Chief Technology Evangelist at WSO2, Inc. Humanization Technology. Architectural Transformation.
Spending two decades in the middleware field has given me deep insight into the evolution of this technology field. I started my career as a software engineer on a platform team, building reusable components using technologies such as Object Linking and Embedding (OLE), the Distributed Component Object Model (DCOM), and the Common Object Request Broker Architecture (CORBA). I later joined WSO2, an open source technology and software as a service (SaaS) provider with middleware roots, where I held various technical leadership roles for over a decade.
The Evolution of Middleware
Middleware sits between system and application software, helping developers create abstractions, hide complexity, and build applications quickly.

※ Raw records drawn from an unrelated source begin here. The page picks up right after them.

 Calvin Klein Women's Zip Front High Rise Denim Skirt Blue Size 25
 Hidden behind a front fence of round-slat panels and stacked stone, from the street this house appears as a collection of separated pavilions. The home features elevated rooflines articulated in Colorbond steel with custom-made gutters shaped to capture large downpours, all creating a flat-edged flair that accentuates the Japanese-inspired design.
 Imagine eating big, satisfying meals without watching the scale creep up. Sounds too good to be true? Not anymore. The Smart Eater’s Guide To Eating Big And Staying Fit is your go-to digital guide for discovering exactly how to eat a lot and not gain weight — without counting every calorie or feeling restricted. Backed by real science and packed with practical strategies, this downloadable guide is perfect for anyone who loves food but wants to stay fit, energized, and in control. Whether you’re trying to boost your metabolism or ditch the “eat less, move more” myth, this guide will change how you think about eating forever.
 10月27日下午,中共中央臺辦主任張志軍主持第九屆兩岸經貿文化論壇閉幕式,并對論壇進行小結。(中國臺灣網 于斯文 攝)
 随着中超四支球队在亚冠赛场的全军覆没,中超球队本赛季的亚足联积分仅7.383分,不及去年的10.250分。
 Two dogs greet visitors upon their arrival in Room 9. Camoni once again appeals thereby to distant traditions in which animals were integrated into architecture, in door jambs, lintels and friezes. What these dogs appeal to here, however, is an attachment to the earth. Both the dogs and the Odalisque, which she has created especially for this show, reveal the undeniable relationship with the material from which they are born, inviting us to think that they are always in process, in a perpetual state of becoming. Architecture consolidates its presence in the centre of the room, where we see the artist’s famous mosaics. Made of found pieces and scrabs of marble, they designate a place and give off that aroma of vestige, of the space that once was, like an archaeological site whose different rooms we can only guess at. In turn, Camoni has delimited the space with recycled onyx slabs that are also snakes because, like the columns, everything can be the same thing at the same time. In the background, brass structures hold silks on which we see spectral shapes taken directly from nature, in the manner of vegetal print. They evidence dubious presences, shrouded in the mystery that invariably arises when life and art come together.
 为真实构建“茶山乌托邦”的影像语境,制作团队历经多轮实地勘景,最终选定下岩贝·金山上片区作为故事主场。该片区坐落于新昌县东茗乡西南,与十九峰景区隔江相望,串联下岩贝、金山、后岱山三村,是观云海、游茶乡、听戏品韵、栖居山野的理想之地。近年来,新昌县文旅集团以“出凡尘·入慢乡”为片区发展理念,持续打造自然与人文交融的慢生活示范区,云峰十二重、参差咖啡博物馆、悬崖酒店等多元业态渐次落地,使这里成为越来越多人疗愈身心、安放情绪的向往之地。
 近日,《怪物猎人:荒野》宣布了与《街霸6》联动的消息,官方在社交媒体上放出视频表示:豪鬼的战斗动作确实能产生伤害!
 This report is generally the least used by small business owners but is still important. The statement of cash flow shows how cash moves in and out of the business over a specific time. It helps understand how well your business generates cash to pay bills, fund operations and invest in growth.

The role of middleware in software development is similar to that of an electric food processor in cooking. It’s certainly possible to chop nuts or puree vegetables by hand, but a food processor does the job better and faster.
Middleware can be classified into several buckets.
• Message targeting.
• Object oriented.
• Remote Procedure Calls (RPC).
Middleware gained popularity in the late 1990s when service-oriented architecture (SOA) became the main architecture style. During this time, it was delivered and used in two main categories: server-based and shared library. In the server-based mode, developers deployed code to a middleware runtime and accessed the middleware’s capabilities. Application servers, enterprise service buses (ESBs), and gateway servers are some examples of server-based middleware.
Shared libraries are standard middleware components and features. They are wrapped in reusable media, stored in a shared repository, and exposed via a registry entry. Shared libraries are linked at design time and deployed with the application software at runtime. Different programming languages each had their own way of linking and managing shared libraries. For example, Java used a packaging system (JAR), while Microsoft .NET used dynamic link libraries (DLL).
This model has begun to change with some technology trends, such as cloud-native architecture (CNA), application programming interfaces (APIs), and distributed architecture styles such as microservices architecture (MSA). Then, middleware behavior was overturned by a specific technical development: containers.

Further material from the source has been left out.